Under Article 141 of the Spanish Constitution of 1978, the provinces remain Spain's basic units of territorial organization. They are the basis for electoral constituencies (Article 68) and autonomous communities are normally formed out of one or more provinces, with no province divided between two or more autonomous communities (Article 143). The revised Statute of Autonomy of Catalonia that went into effect in August 2006 ignored the provincial division within Catalonia, replacing it with a division into seven veguerias.
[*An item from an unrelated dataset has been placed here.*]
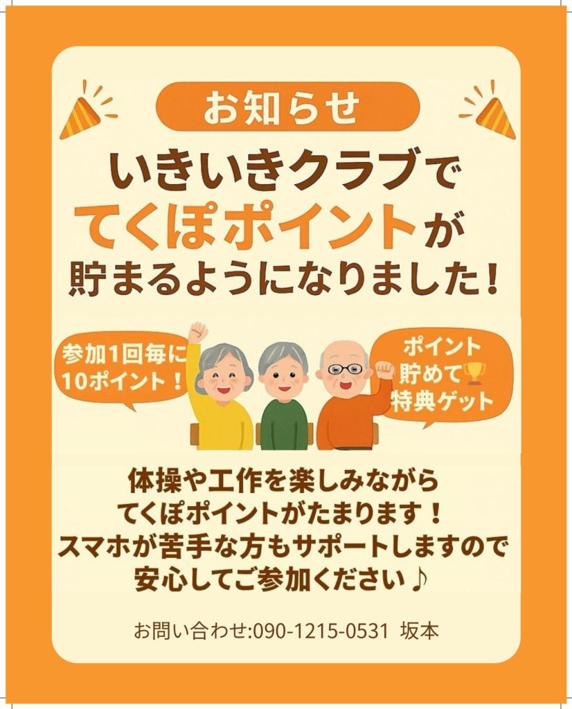 いきいきクラブで、てくぽポイントが貯まるようになりました。参加1回毎に10ポイント!

However, the number of senators or deputies that Catalonia contributes to Spain's parliament, the Cortes Generales: remained regulated by Article 69 of the Constitution in terms of provinces. While the veguerias project remained controversial, the Catalan government intended to put it into effect in January 2010. However, the 2010 Catalan regional election produced a new legislature which has put these plans on hold.